WHAT YOU NEED TO DO: An exact restatement of the data is required, with the images omitted.

DATA BELOW:
________

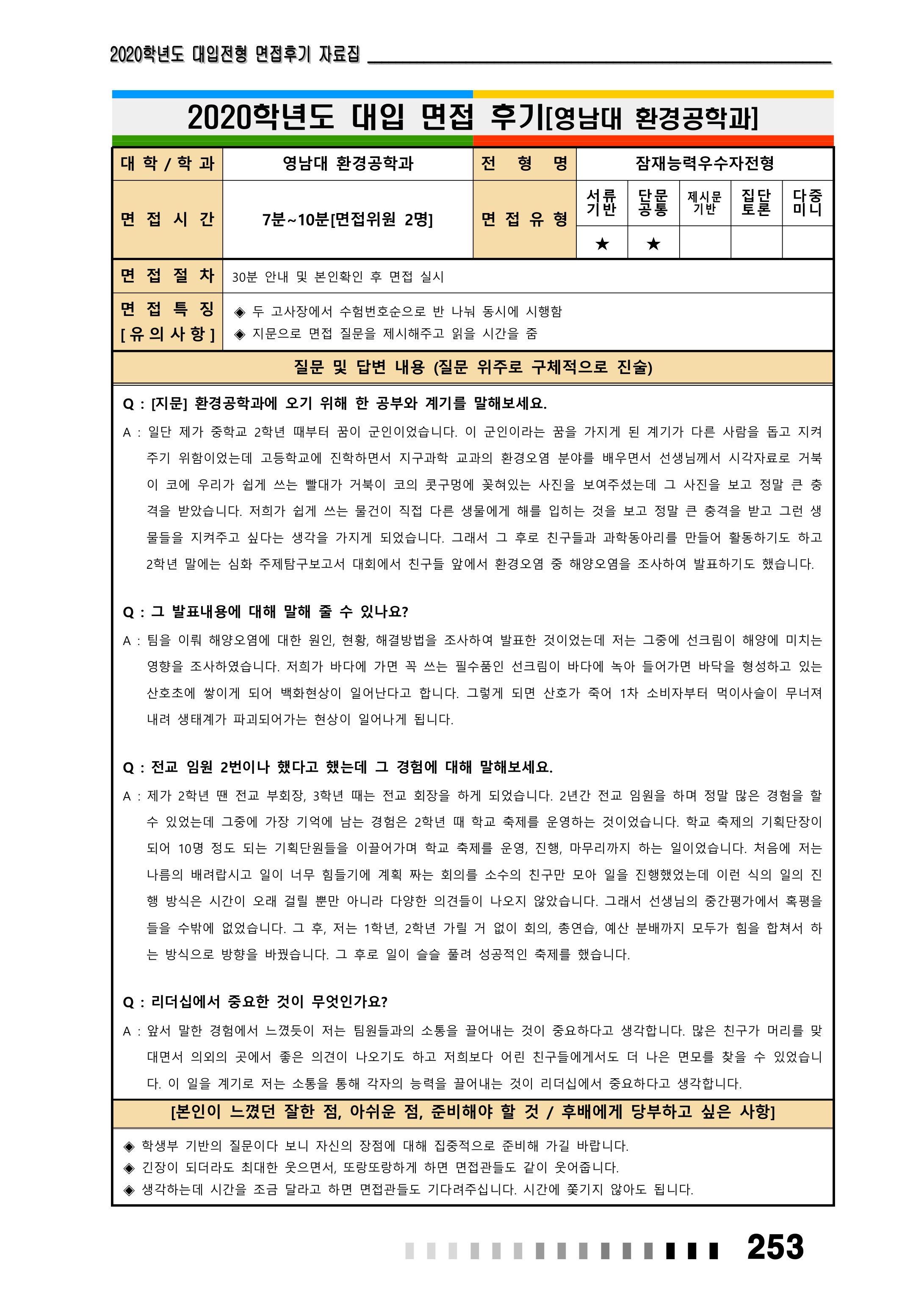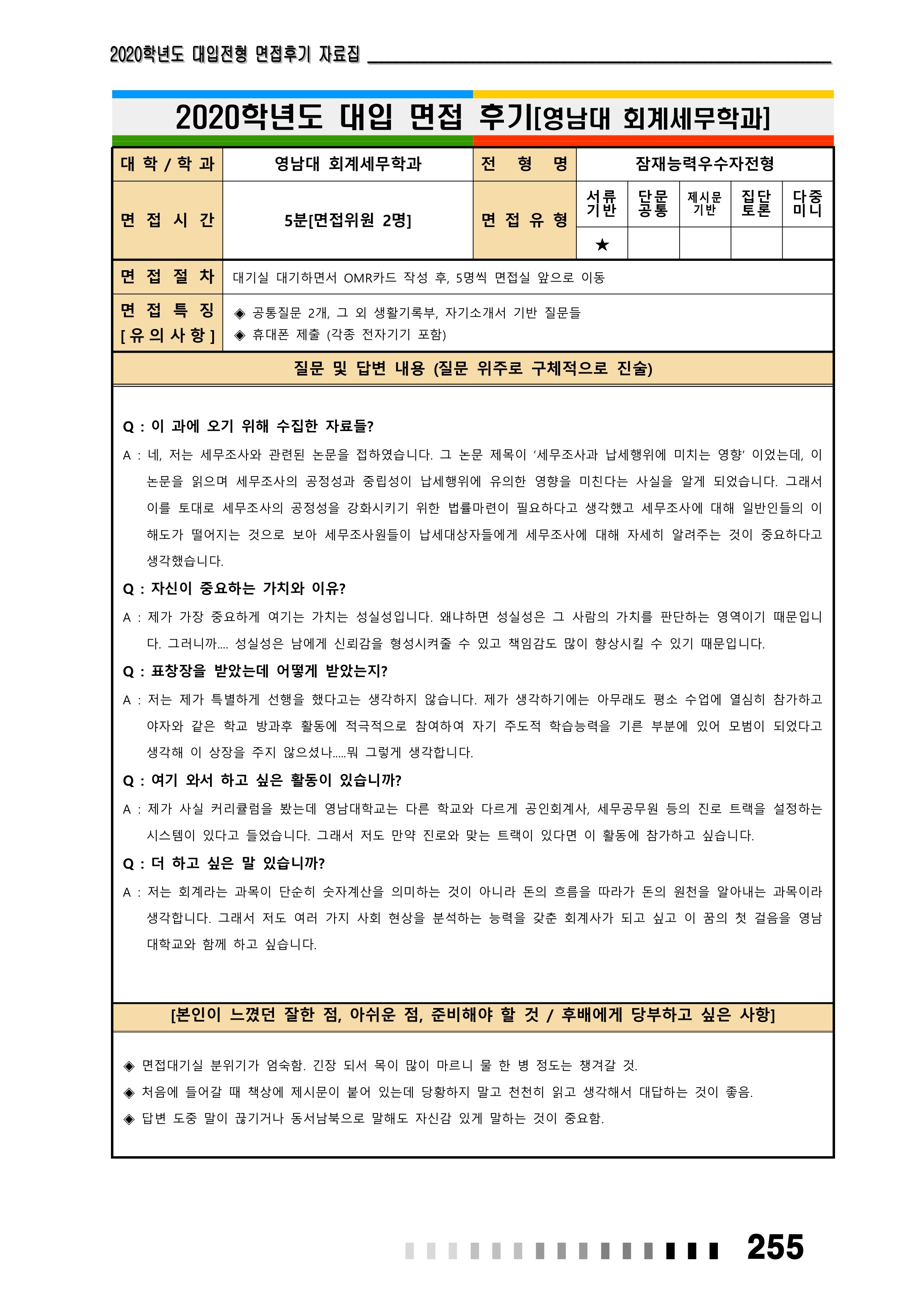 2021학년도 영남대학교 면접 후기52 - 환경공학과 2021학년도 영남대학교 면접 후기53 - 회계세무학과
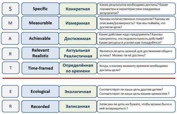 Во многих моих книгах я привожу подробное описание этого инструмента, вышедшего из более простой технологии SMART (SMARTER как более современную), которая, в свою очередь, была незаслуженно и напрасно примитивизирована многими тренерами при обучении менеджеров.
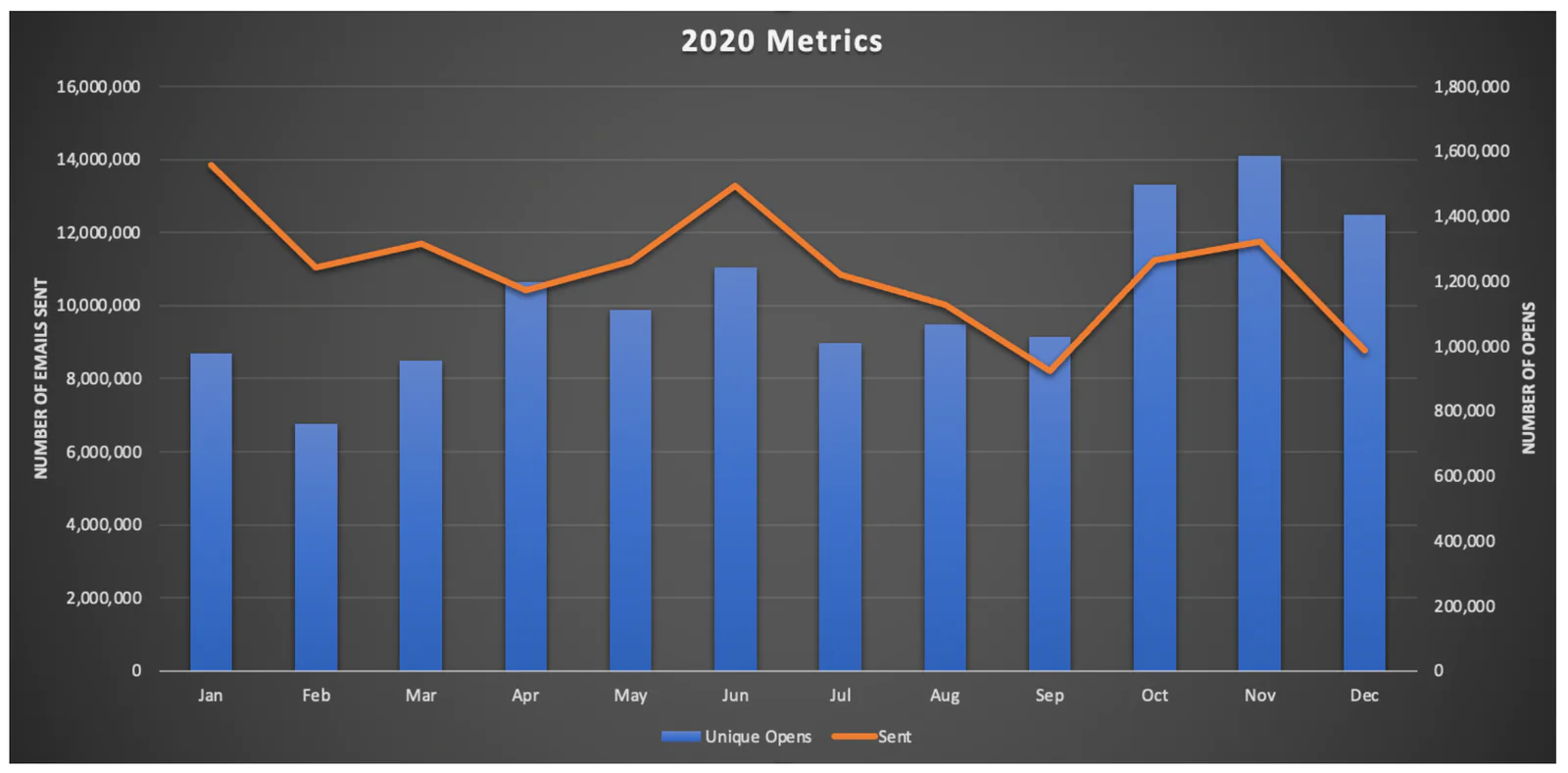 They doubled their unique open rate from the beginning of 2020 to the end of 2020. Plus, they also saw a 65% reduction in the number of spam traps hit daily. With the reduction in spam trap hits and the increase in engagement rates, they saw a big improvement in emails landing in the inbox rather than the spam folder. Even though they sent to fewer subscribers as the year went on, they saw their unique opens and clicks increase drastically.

________

SOLUTION FOR THIS PROBLEM:
 2021학년도 영남대학교 면접 후기52 - 환경공학과 2021학년도 영남대학교 면접 후기53 - 회계세무학과
 Во многих моих книгах я привожу подробное описание этого инструмента, вышедшего из более простой технологии SMART (SMARTER как более современную), которая, в свою очередь, была незаслуженно и напрасно примитивизирована многими тренерами при обучении менеджеров.
 They doubled their unique open rate from the beginning of 2020 to the end of 2020. Plus, they also saw a 65% reduction in the number of spam traps hit daily. With the reduction in spam trap hits and the increase in engagement rates, they saw a big improvement in emails landing in the inbox rather than the spam folder. Even though they sent to fewer subscribers as the year went on, they saw their unique opens and clicks increase drastically.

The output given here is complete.